E Giorgetti dice: “Chissà quanto dura… Facciamo qualcosa”. Dal “portiamo a casa la manovra e poi vediamo”, è passato a un più generico ma non meno indicativo “chissà quanto dura”. Sul governo un’idea personale l’avrebbe, ma Giorgetti per quanto a fatica riesce a trattenerla, perché condivide la strategia di Salvini. E la linea in questa fase prevede di non mettere piedi in fallo, per quanto proseguire l’esperienza del “cambiamento” con i grillini sia “come camminare su un ponte tibetano”. L’altra sera dopo l’approvazione del ddl Anticorruzione il Capitano ha voluto spiegarsi con la squadra, costretta a votare il provvedimento: “Le cose che non si capiscono ora si capiranno al momento opportuno”.
Il sottosegretario alla Presidenza, partecipe del disegno, si è prodigato a far ingurgitare la soluzione: mai e poi mai la Lega dovrà assumersi nei mesi a venire la responsabilità di una crisi di governo. Poi però ci sono dei momenti in cui il “fatto personale” prende il sopravvento, e i gesti conseguenti sono comunque gesti politici. Giorgetti infatti ha disertato gli ultimi Consigli dei ministri, dopo che in uno dei penultimi aveva chiesto ai colleghi cinquestelle di smetterla con gli attacchi personali sui giornali.
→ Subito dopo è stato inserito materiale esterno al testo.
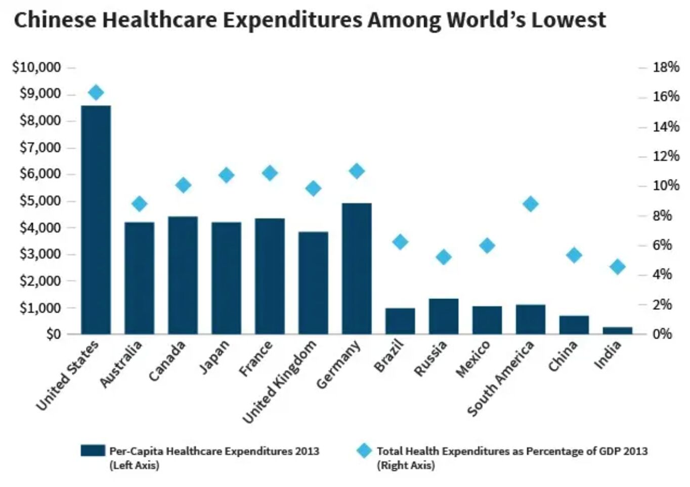 Healthcare remains a largely underdeveloped industry many emerging markets. Healthcare expenditures in China, for example, are among the lowest in the world per capita and as a percentage of gross domestic product (GDP). Yet the prevalence of chronic disease in China has risen significantly over the last two decades, setting the local healthcare industry up for consumer-driven growth.
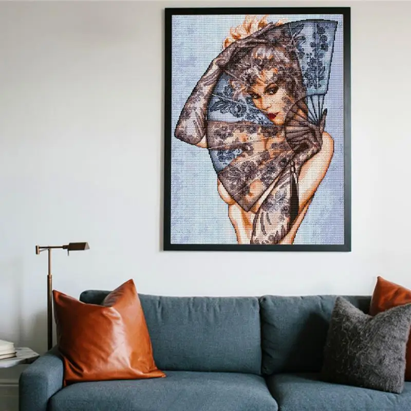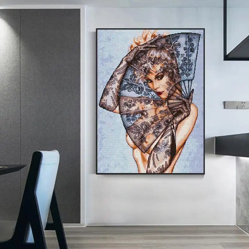 Сексуальный красивый и складной веер, Набор для вышивки крестиком, принт с персонажем, 11CT 14CT, рукоделие, вышивка, украшение на стену, живопись

Invece, dalla “manina” sul decreto fiscale fino alle “manine” nelle votazioni segrete alla Camera, è sempre stato tirato in ballo come l’ispiratore dei complotti: “E io mi sono rotto”. Perciò Di Maio è stato costretto pubblicamente a discolparlo. Passi la marcatura a uomo a cui è costretto, da quando i grillini l’hanno preso di mira per via della competenza e delle conoscenze che emergono su ogni dossier. Persino nella gestione della trattativa con il Coni lui che ha la delega allo Sport ogni qualvolta ha incontrato Malagò è stato accompagnato da un sottosegretario del Movimento, Valente.
Ma in fondo questo è il gioco e Giorgetti si adegua. La sua stanza a Palazzo Chigi è un porto di mare per imbarcazioni in difficoltà di navigazione. È li che ha riparato Savona negli ultimi tempi, ed è lì che per sfogarsi il ministro agli Affari europei gli ha rubato uno dei suoi intercalare: “È un disastro”. L’altra frase che usa Giorgetti insieme al famoso “sono tutti matti” riferito ai grillini è “che cinema”.
Gliel’hanno sentita pronunciare nell’Aula della Camera, il giorno dopo quel voto a scrutinio segreto con cui l’esecutivo era andato sotto sull’Anticorruzione. Di Maio aveva chiesto la presenza di tutti i ministri ai banchi del governo per lavare l’onta. Giorgetti, che in vent’anni e passa di attività parlamentare ne aveva viste tante, non pensava di stupirsi ancora. Perciò nel vedere quella scena, non ha resistito: “Che cinema. Che cinema”. Teorico de “la manovra va cambiata”, ben prima che il club si affollasse di autorevoli colleghi, ritiene sia ancora possibile una soluzione di compromesso con Bruxelles.
Forse è più un atto di fede che un vero convincimento, in ogni caso secondo Giorgetti al governo servirebbe “un asso nella manica”, uno scatto e uno scarto rispetto alla logica del braccio di ferro: “Qualcosa bisogna inventarsela”. Perché è consapevole (al pari di pochi altri tra i grillini) che il reale problema stia nella gestione politica della trattativa. Ma su questo punto, oltre che dispensare suggerimenti non può né vuole spingersi. I suoi consigli sono post-it, attaccati nella stanza delle riunioni a futura memoria. “Attenzione ai mercati” è di luglio. “Così si va a sbattere” è di settembre. “Bisogna abbassare i toni” è di ottobre.
Giorgetti, come dicono i leghisti che lo conoscono da anni, “si trasforma in una testuggine e si ritrae nel suo carapace”. Palazzo Chigi sarà pure il regno dell’incertezza, ma la road map della Lega è chiara: in vista delle Europee niente errori e nemmeno sbavature, e se il “ponte tibetano” dovesse cedere prima sarebbe solo per responsabilità dei grillini. Il resto lo diranno le urne, e il cambio del sistema: secondo Giorgetti basta osservare la crisi del Pd e di Forza Italia per capire che fra pochi mesi sarà un altro mondo.